Outght to smack the LFS employee that said red empress LOL!

Kinda looks like he has a hairlip :thumb:


----------



## Anthraxx8500

no idea. id just say his name is louie and call it a day. :lol:


----------



## oldcatfish

Looks like a possible Labeotropheus hybrid. He is kind of cool looking, in a mutant sort of way.


----------



## Flippercon

You should of named him twoface. :lol: . It's a cool looking fish.


----------



## noki

Buster Douglas


----------



## firemedic1169

That last pic reminded me of a metriaclima greshaki :-? , but definitely looks hybrid.


----------



## 24Tropheus

I wonder what went wrong rather than what he might be. Surely you do not hope to breed from such a fish?
Some Labeotropheus in there plus no idea what went wrong. :wink:
I dought he has Tropheus blood in him those guys do not cross outside there genus as far as I know.


----------



## mikeb3rdid

I like Louie!! No clue what he is, but my fiance would have brought him home too! Enjoy him, and don't listen to anyone who puts him down! If you like him that's all that matters!


----------



## Fogelhund

24Tropheus said:


> I wonder what went wrong rather than what he might be. Surely you do not hope to breed from such a fish?
> Some Labeotropheus in there plus no idea what went wrong. :wink:
> I dought he has Tropheus blood in him those guys do not cross outside there genus as far as I know.


Tropheus can cross with mbuna, I had a friend with a Tropheus x Melanochromis auratus hybrid... he raised them up... they were... ummm ugly and aggressive. 
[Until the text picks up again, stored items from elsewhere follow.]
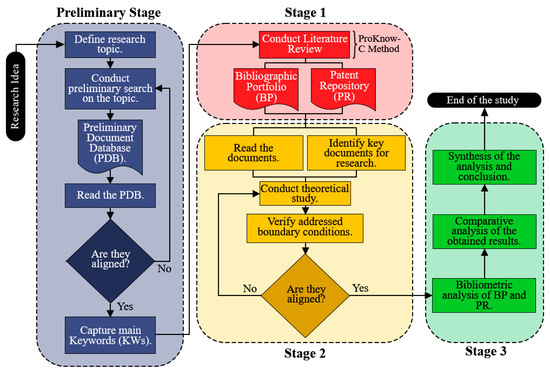 In this context, the process of a systematic review is illustrated by the flowchart in Figure 2. Its organization involves a preliminary search for documents related to the topic to be investigated. These documents form a PDB, which should be studied to ensure alignment with the topic. Subsequently, the most common KWs should be extracted and combined, resulting in the main terms that will be used as references for creating the BP and PR. A general study of the obtained documents is conducted to ensure their relevance to the most pertinent information for investigating the proposed topic.
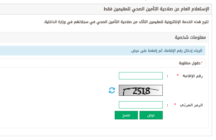 الاستعلام عن صلاحية التأمين الطبي برقم الاقامة أو رقم الهوية
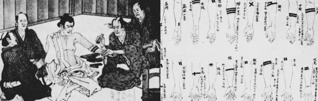 Pada zaman Edo, hukuman ini sangat umum. Para pelaku kejahatan akan ditato dengan garis atau simbol tertentu, misalnya di lengan. Jika di lengan masih bisa ditutupi pakaian, tato di wajah justru membuat rasa malu semakin besar dan menjadi tanda aib seumur hidup.
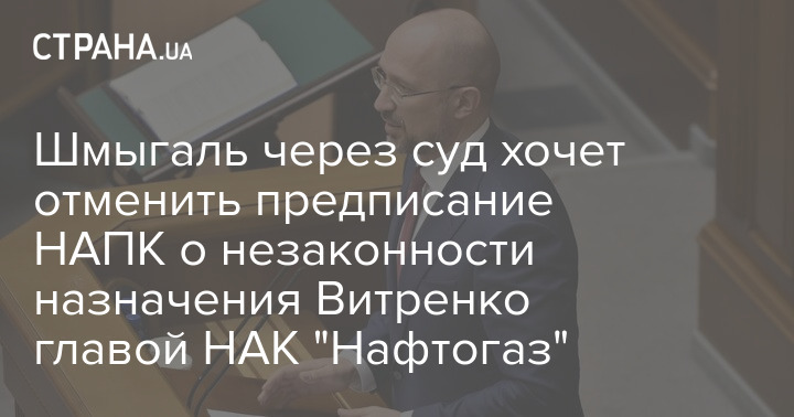 Премьер-министр Украины Денис Шмыгаль обратился в Окружной административный суд Киева, чтобы отменить предписание Национального агентства по вопросам предотвращения коррупции о незаконности назначения Юрия Витренко главой НАК "Нафтогаз Украины".

I think this is either a Labeotropheus, or a greshakei as mentioned... due to being deformed, it is impossible to say if it a pure of either, or a hybrid.


----------



## Guest

def not a hap.. looks like mbuna to me


----------



## Catfish Dan

Louie is awesome! We just did the same thing, fell in love with a squished face maylandi. His little mouth is off to one side and his eyes are big. His blaze even curves off to the side! Total sweetheart. Our LFS gave him to us 'cos they know we're softies. We named him Mr. Magoo


----------



## Chunkanese

Interesting, i just picked up some Rostratus today, and one that appears to be a male has a similar deformity. Unsure what to do with it...


----------



## tig321

That's a VERY RARE "Pseudotropheus W.C. Fields"..... yeaaa seeee yeaaaaa.
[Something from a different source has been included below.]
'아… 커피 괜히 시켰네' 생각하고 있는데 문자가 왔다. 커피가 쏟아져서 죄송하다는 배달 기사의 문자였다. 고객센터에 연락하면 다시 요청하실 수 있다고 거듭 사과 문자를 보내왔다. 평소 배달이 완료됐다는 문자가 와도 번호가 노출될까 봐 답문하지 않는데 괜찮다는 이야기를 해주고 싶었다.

Now go away kid, you bother me!


----------



## Catfish Dan

Now THAT is funny!!! :lol:


----------



## czar_wilson

wow looks like the same mutation in the venustus I just bought....
wonder what causes this


----------



## johnc87

I have 2 fish like this,a Yellow Tail Acei and a Yellow Lab. got them both from the same LFS but different times and didnt notice the lips until weeks later.


----------



## Guest

czar_wilson said:


> wow looks like the same mutation in the venustus I just bought....
> wonder what causes this


excessive inbreeding


----------